Architecture Overview

The system is designed as a modular monorepo using uv workspaces, with Dagster orchestrating the data pipeline and MLflow tracking experiments.

Core Components

  • Environment & Modularity: uv workspace (Monorepo). Python 3.14. Individual components must be pip-installable with expressive type hints.
  • Data Processing: Polars. Chosen for extreme speed and its native join_asof functionality to guarantee no future-data leakage during feature engineering.
    • Centralized Data Preparation: All data entering ML models passes through a centralized preparation step to enforce strict data contracts, handle missing entities, and ensure consistency between training and inference.
  • Storage: Delta Lake on cloud object storage for the power data and forecasts. Upgraded from raw Parquet to provide ACID transactions, time-travel, and efficient partitioning (by year/month) for K-fold cross-validation. The weather data will use raw Parquet with well-defined naming conventions (we use raw Parquet for NWP data because Delta Lake doesn't support uint8).
  • Orchestration: Dagster. Manages the pipeline via Software-Defined Assets (SDAs). Partitioned by NWP init time, not substation, allowing models to train globally across all substations (if they want to). Dagster is responsible for detecting bad data.
  • Configuration Management: Hydra combined with pydantic-settings. Dagster passes string overrides (e.g., model=xgboost_global) to trigger Hydra's Config Groups, swapping massive architectural parameter trees.
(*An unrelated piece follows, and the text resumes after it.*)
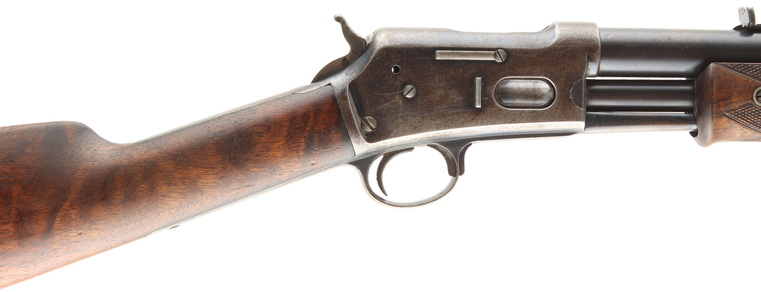 Colt Lightning, Medium Frame. Marked .44 CAL (44-40 WCF)., MFG. 1886, SN: 19956, Pump Action Rifle, 26'' Round barrel, Full mag. The factory straight grip stock & checkered forend are excellent, with minor to small scrapes, scuffs & contusions, to the evenly thinning original finish. The forearm checkering remains prominent, with some smoothing of the points & carries the original thinning finish. The original metal blue finish rates 60% on the barrel, 20% on the mag tube, with the receiver worn mostly gun metal gray & a thin brown patina, with remnants of original blue in protected areas. Bore is very good & bright, with some spotty areas of cleaned roughness. Barrel carries an adjustable rear & an elongated blade front sight. Crescent metal buttplate. Overall, very nice original & antique pump rifle. Antique, No FFL Req. - Value: 2500 to 4500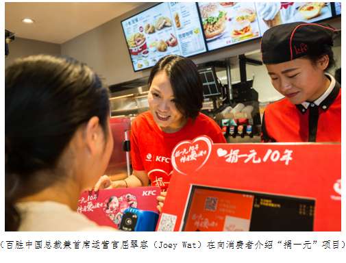 “需要為您加上一元的愛心捐款嗎?”張夢雪站在柜臺后笑容可掬地向點(diǎn)完餐的顧客說道,而屈翠容則在柜臺向消費(fèi)者詳細(xì)介紹什么是“捐一元”項(xiàng)目。這位百勝中國總裁兼首席運(yùn)營官向每位顧客悉心講解著捐出的這一元錢的去處:“捐一元是由肯德基所屬的百勝中國發(fā)起的一個公益項(xiàng)目,今年是這個項(xiàng)目運(yùn)營的第十個年頭。您的一元愛心捐款將變成雞蛋和牛奶,用來改善貧困地區(qū)兒童的營養(yǎng)狀況。”

The resolved YAML is logged to MLflow.
  • Experiment Tracking: MLflow.
  • Visualisation: Altair for plotting, Marimo for interactive data exploration and web apps.

The Universal Model Interface

To decouple the Dagster data pipeline from the ML code, all models are saved using native MLflow flavors (e.g., mlflow.xgboost.log_model), which serialize the raw model object directly (see ADR-005).

The Adapter Pattern: The model wrapper encapsulates the model weights and all translation logic.

  • Input translation: Transforms the canonical Polars DataFrame into the required model shape.
  • Output translation: Converts native model outputs into the strict target quantile schema.